## ASSIGNMENT:
What you output must match the entries exactly, apart from the pictures, which are left out.

## PROVIDED RECORDS:
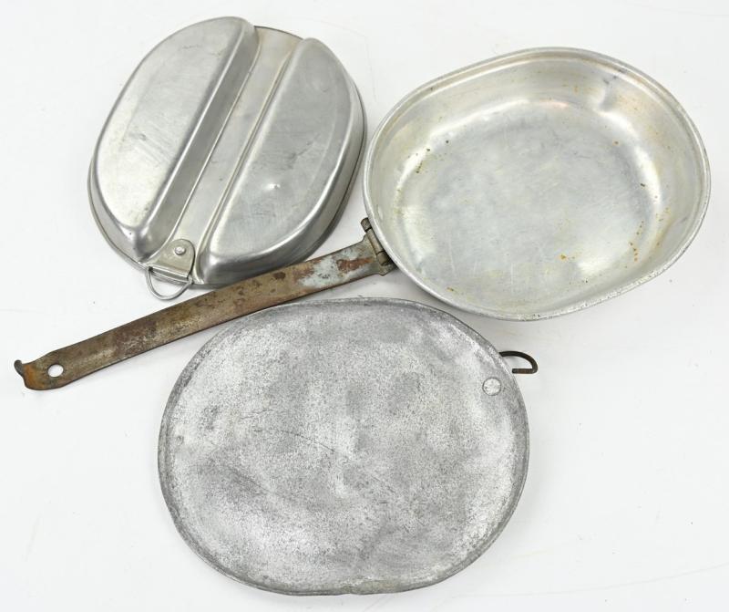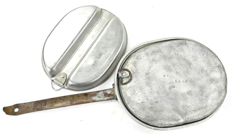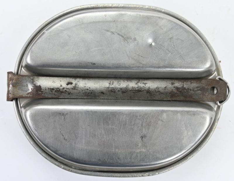 In a very good condition a US WW2 M-1932 Messtin. The zinc made messtin is maker marked by M.C.A. Company and dated 1945. Inside is an extra WW1 pattern cover attached.
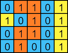 Input: grid = [ [0,1,1,0,1], [1,0,1,0,1], [0,1,1,0,1], [0,1,0,0,1]]
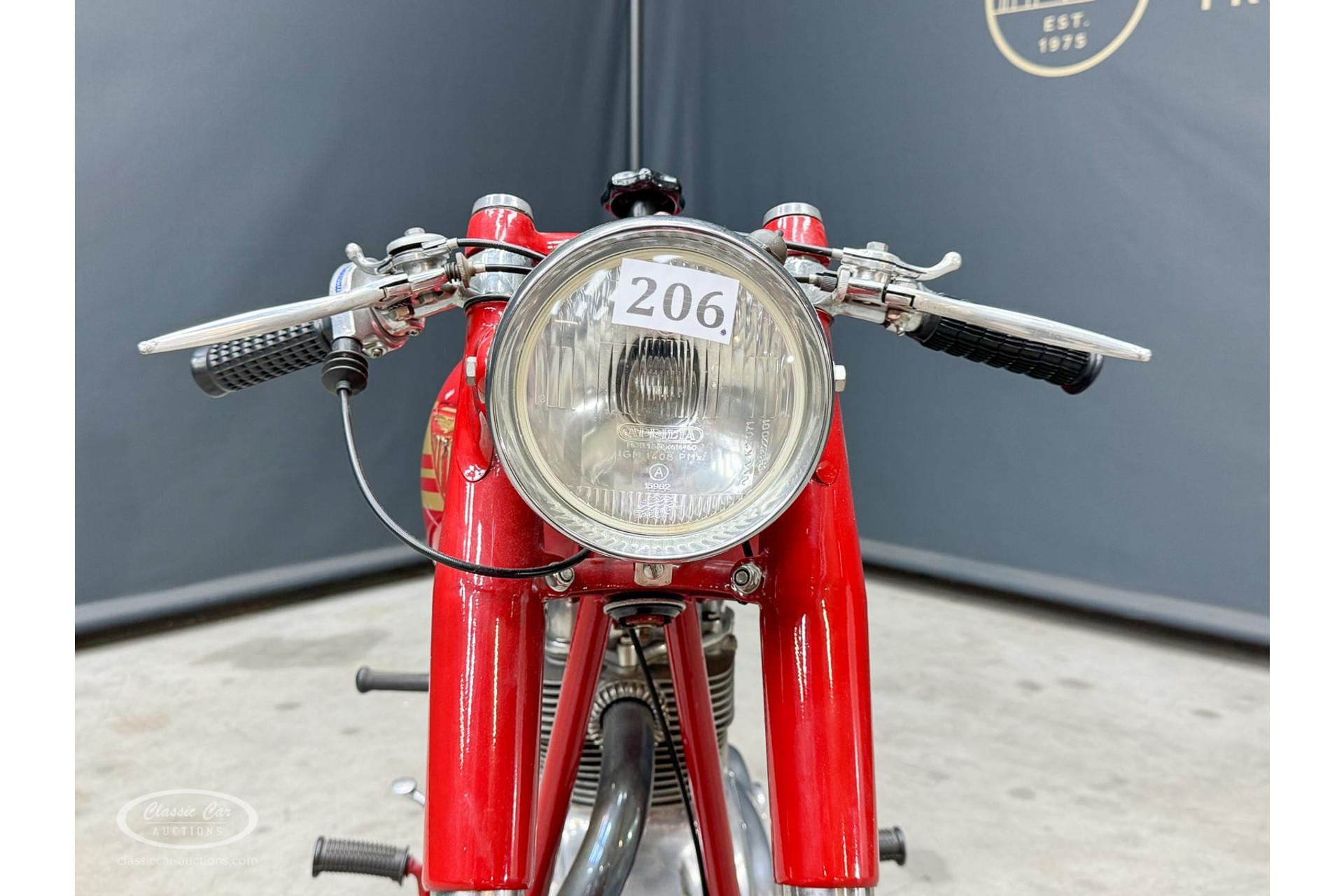 The motorcycle is in remarkable condition, with a beautiful paint finish and well-preserved chrome details. The craftsmanship put into Italian motorcycles at the time is evident here. The bike is a joy to look at and still shows the charm that made this model so popular in the 1950s.
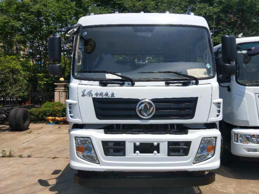 底盤配置:國六東風底盤,排半駕駛室,康明斯210馬力,4500軸距,ABS,斷氣剎,275/80R22.5 18PR真空胎,東風六檔變速箱。
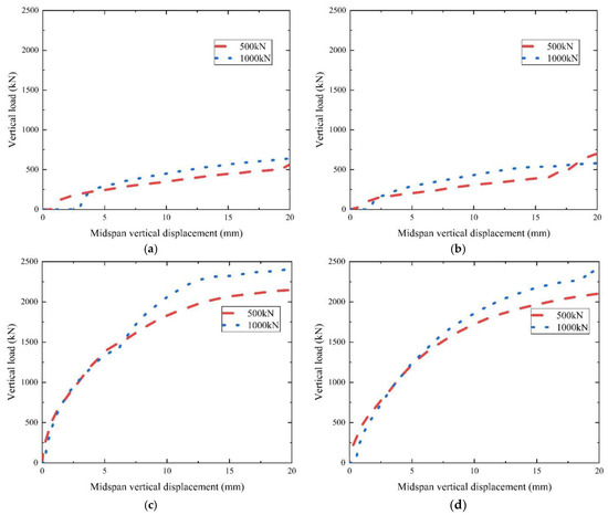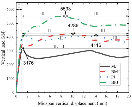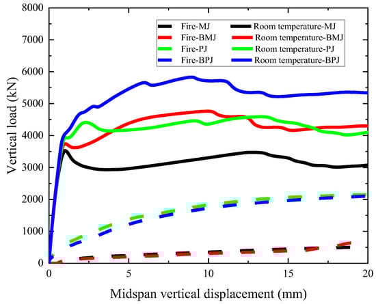 Figure 15 shows that the initial axial force changed from 500 kN to 1000 kN, the vertical peak load of the MJ changed from 565 kN to 642 kN, the vertical peak load of the BMJ changed from 703 kN to 581 kN, and the flexural bearing capacity–displacement load curves of the MJ and BMJ did not change much. The vertical peak loads of the PJ and BPJ increased from 2150 kN to 2410 kN and 2105 kN to 2433 kN, respectively. It can be seen that increasing the initial axial force is beneficial for improving the flexural bearing capacity of the PJ and BPJ under fire. However, it does not significantly improve the flexural bearing capacity of the PJ and BPJ.
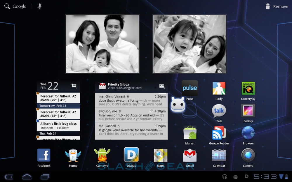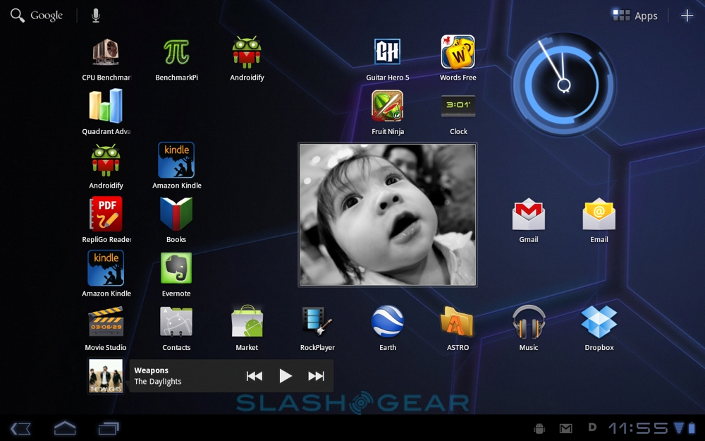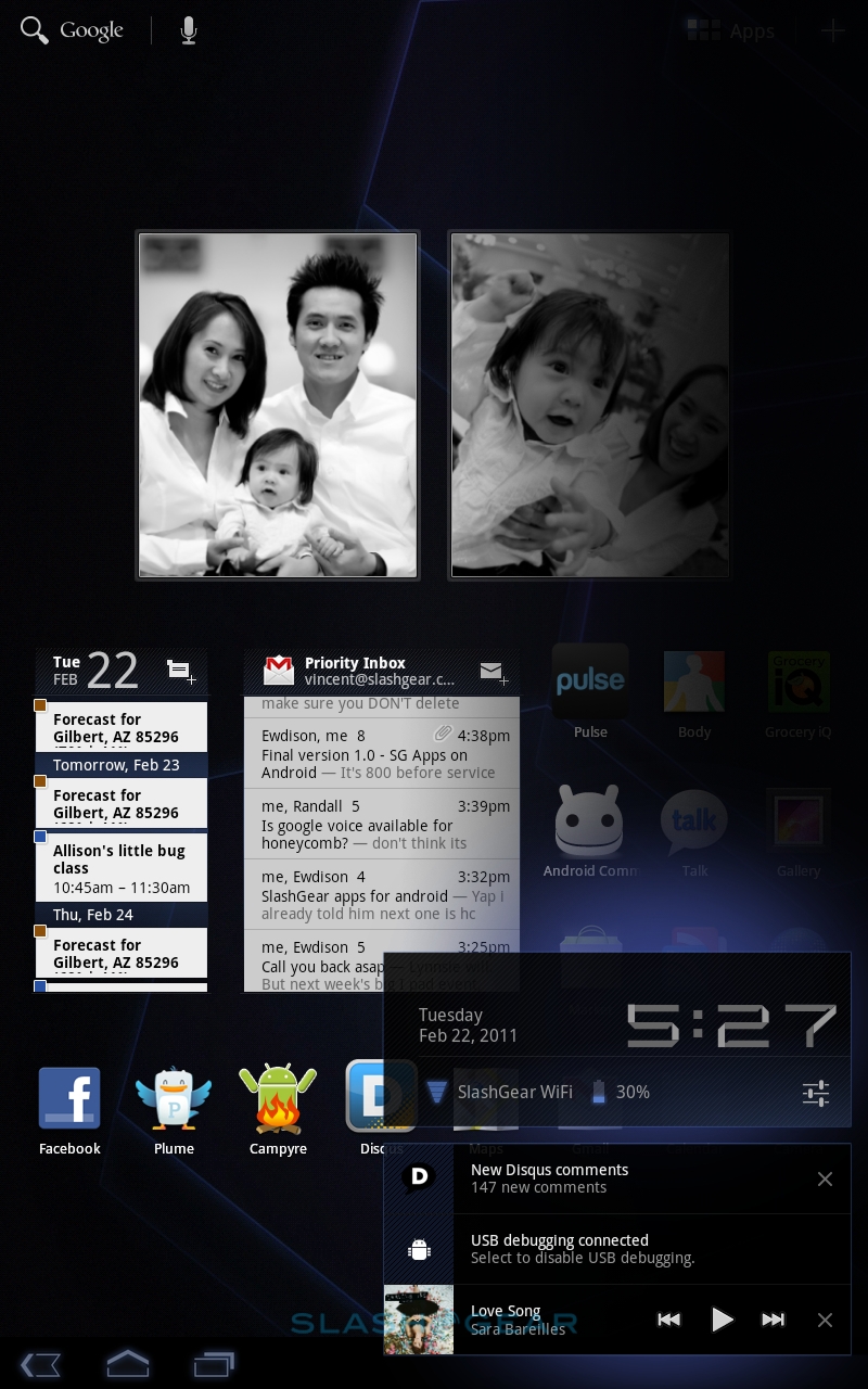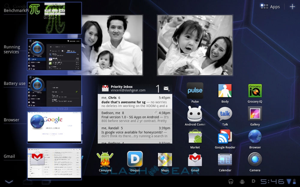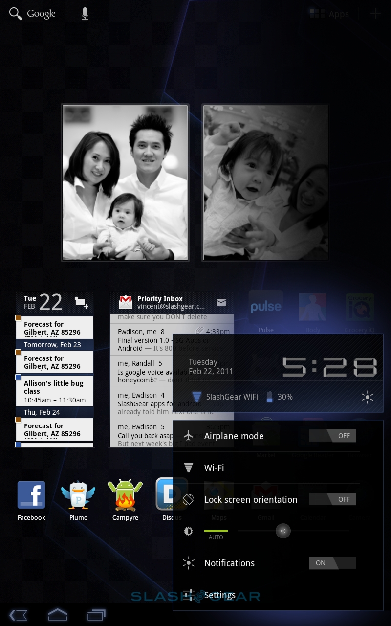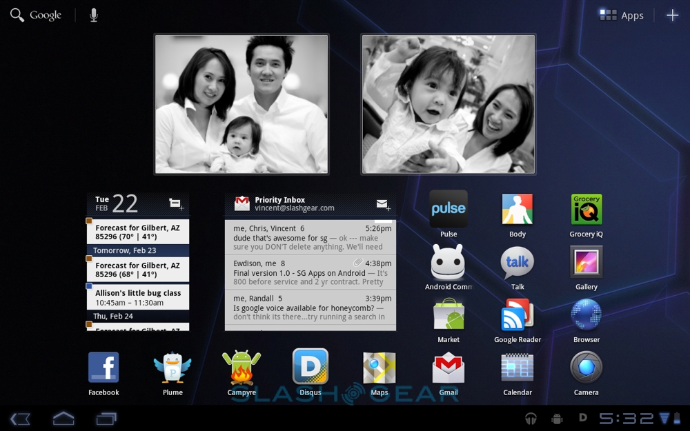 Android's UI has gradually evolved into the multi-desktop icon and widget layout we're used to on smartphones today, and Honeycomb pushes that paradigm to suit larger displays. The homescreen is a horizontally scrolling array of five panes, each accommodating an 8x7 grid of icons and widgets. As on handsets, the smallest icon is a 1x1 square, but various other sizes of widget are available, and usually offering greater interactivity than previously seen. So, for instance, the Gmail widget not only shows the most recent three messages (whether in your inbox or sorted by label) but can be scrolled to show older emails as well.

## SOLUTION TO THE PROBLEM:
 In a very good condition a US WW2 M-1932 Messtin. The zinc made messtin is maker marked by M.C.A. Company and dated 1945. Inside is an extra WW1 pattern cover attached.
 Input: grid = [ [0,1,1,0,1], [1,0,1,0,1], [0,1,1,0,1], [0,1,0,0,1]]
 The motorcycle is in remarkable condition, with a beautiful paint finish and well-preserved chrome details. The craftsmanship put into Italian motorcycles at the time is evident here. The bike is a joy to look at and still shows the charm that made this model so popular in the 1950s.
 底盤配置:國六東風底盤,排半駕駛室,康明斯210馬力,4500軸距,ABS,斷氣剎,275/80R22.5 18PR真空胎,東風六檔變速箱。
 Figure 15 shows that the initial axial force changed from 500 kN to 1000 kN, the vertical peak load of the MJ changed from 565 kN to 642 kN, the vertical peak load of the BMJ changed from 703 kN to 581 kN, and the flexural bearing capacity–displacement load curves of the MJ and BMJ did not change much. The vertical peak loads of the PJ and BPJ increased from 2150 kN to 2410 kN and 2105 kN to 2433 kN, respectively. It can be seen that increasing the initial axial force is beneficial for improving the flexural bearing capacity of the PJ and BPJ under fire. However, it does not significantly improve the flexural bearing capacity of the PJ and BPJ.
 Android's UI has gradually evolved into the multi-desktop icon and widget layout we're used to on smartphones today, and Honeycomb pushes that paradigm to suit larger displays. The homescreen is a horizontally scrolling array of five panes, each accommodating an 8x7 grid of icons and widgets. As on handsets, the smallest icon is a 1x1 square, but various other sizes of widget are available, and usually offering greater interactivity than previously seen. So, for instance, the Gmail widget not only shows the most recent three messages (whether in your inbox or sorted by label) but can be scrolled to show older emails as well.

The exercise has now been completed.